• Directions
Restate the listing below word for word, pictures excluded.

• Input data
# # # # #
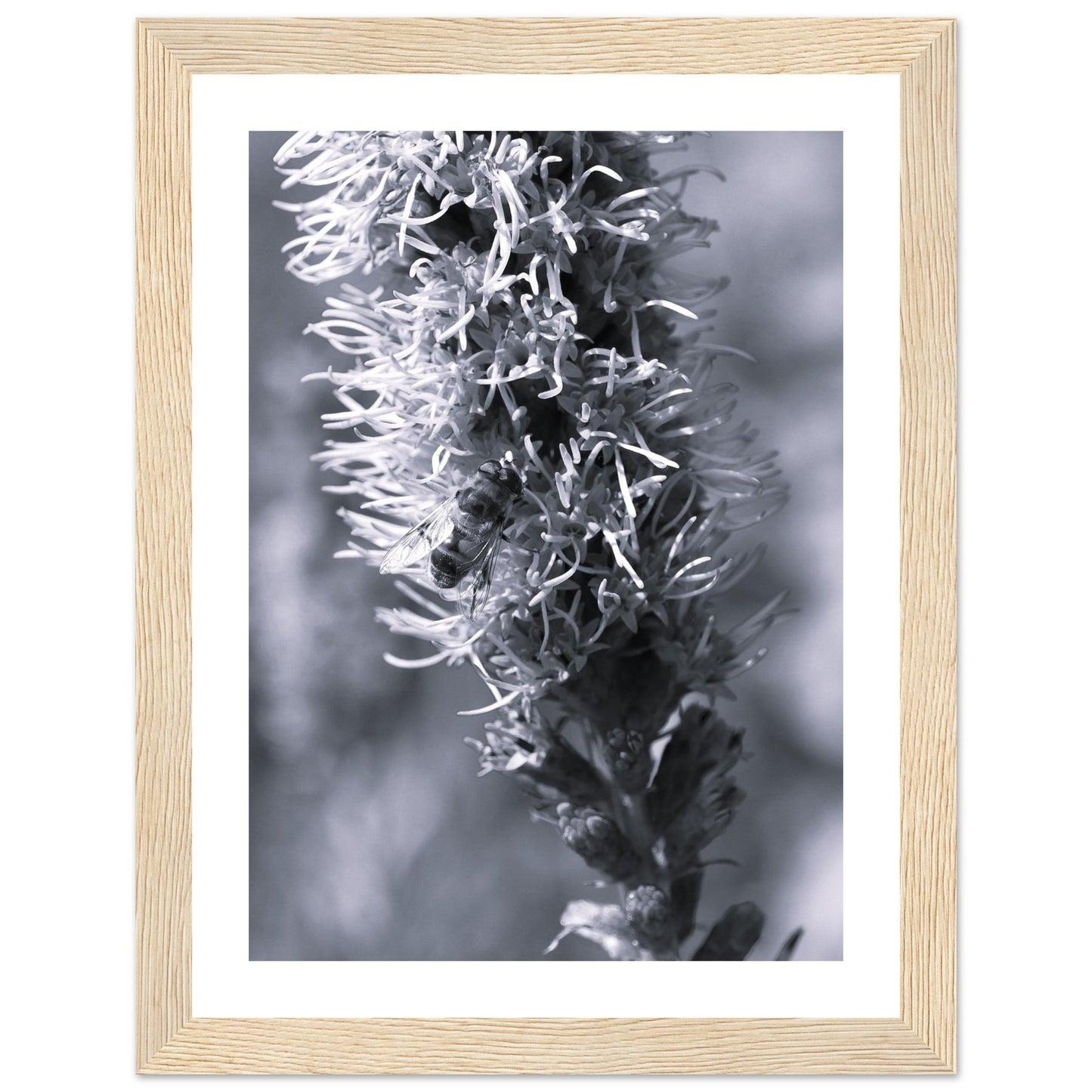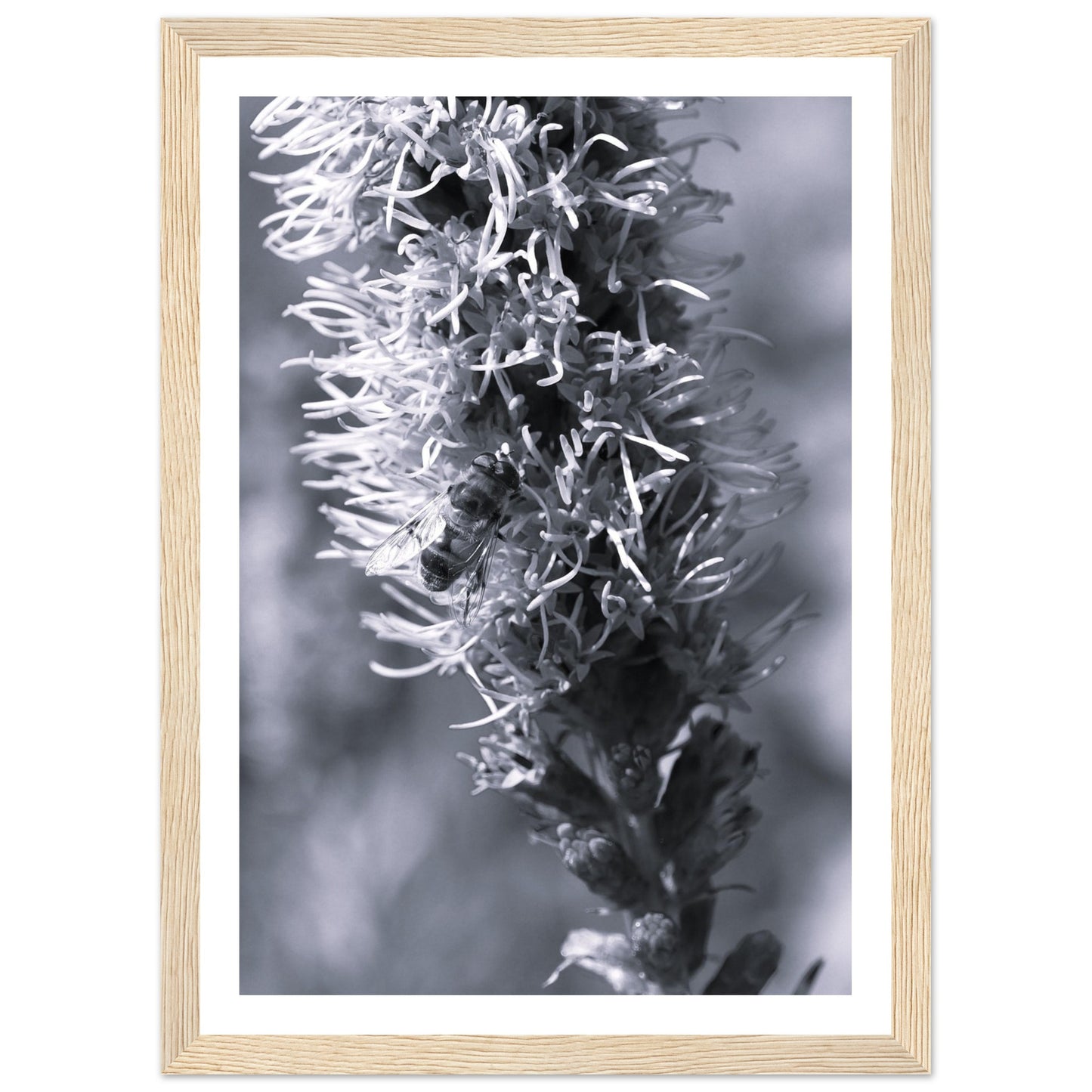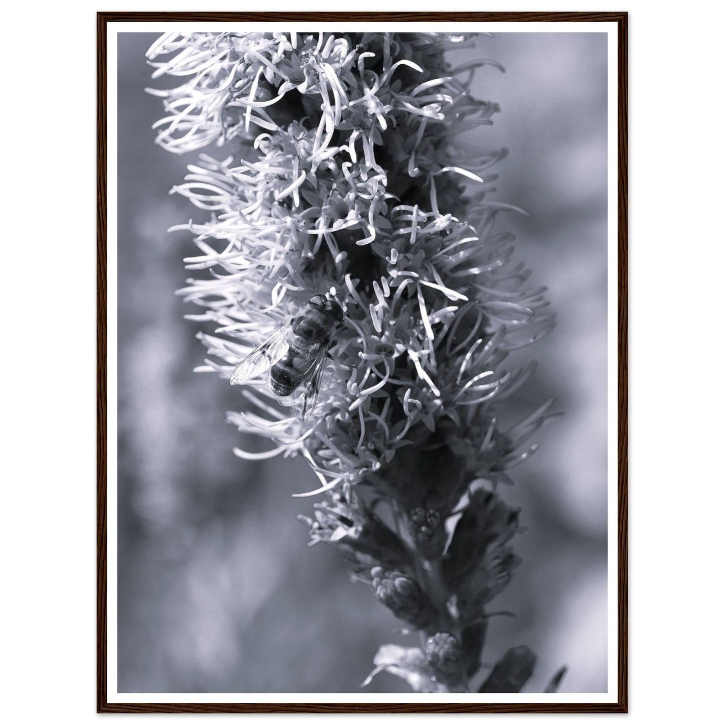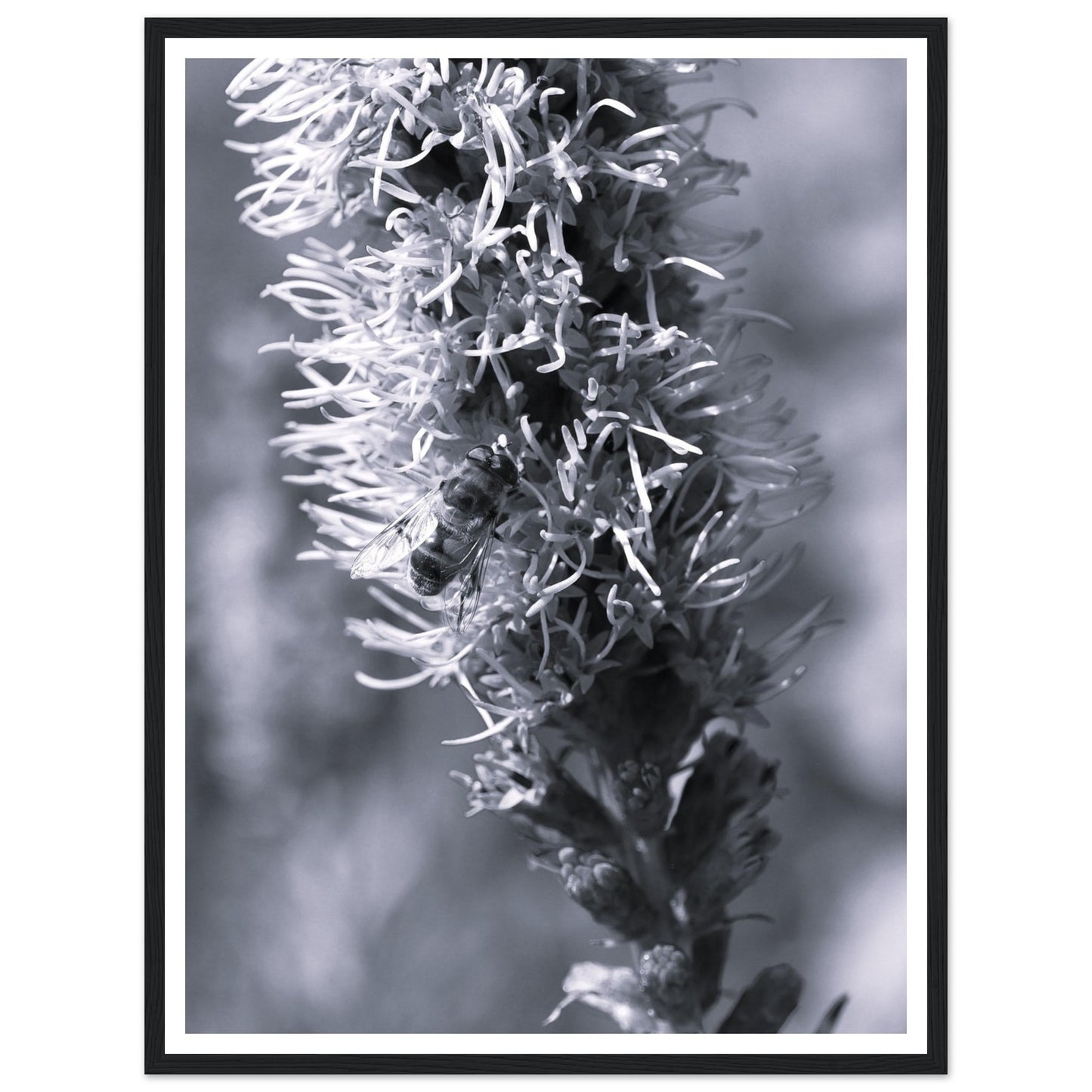 Bee on liatris flower (B&W) - Premium Matte Paper Wooden Framed Poster
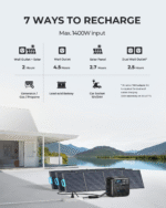 The Bluetti AC200MAX solar generator combines powerful performance and versatility. With a 2200W pure sine wave inverter (4800W surge) and 2048Wh capacity, it can handle various devices with ease. It includes a 350W solar panel for efficient solar charging, reducing power loss even in low-light conditions. Featuring 16 outlets, including 30A NEMA TT-30 and 12V 30A DC ports, it’s ideal for home backup, camping, or RV use. Expandable up to 8192Wh with additional batteries, it offers a reliable, eco-friendly power solution.
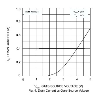 Die Kennlinie zeigt, dass der Transistor bei einer Gate-Spannung von etwa
# # # # #
• Solution for this exercise
 Bee on liatris flower (B&W) - Premium Matte Paper Wooden Framed Poster
 The Bluetti AC200MAX solar generator combines powerful performance and versatility. With a 2200W pure sine wave inverter (4800W surge) and 2048Wh capacity, it can handle various devices with ease. It includes a 350W solar panel for efficient solar charging, reducing power loss even in low-light conditions. Featuring 16 outlets, including 30A NEMA TT-30 and 12V 30A DC ports, it’s ideal for home backup, camping, or RV use. Expandable up to 8192Wh with additional batteries, it offers a reliable, eco-friendly power solution.
 Die Kennlinie zeigt, dass der Transistor bei einer Gate-Spannung von etwa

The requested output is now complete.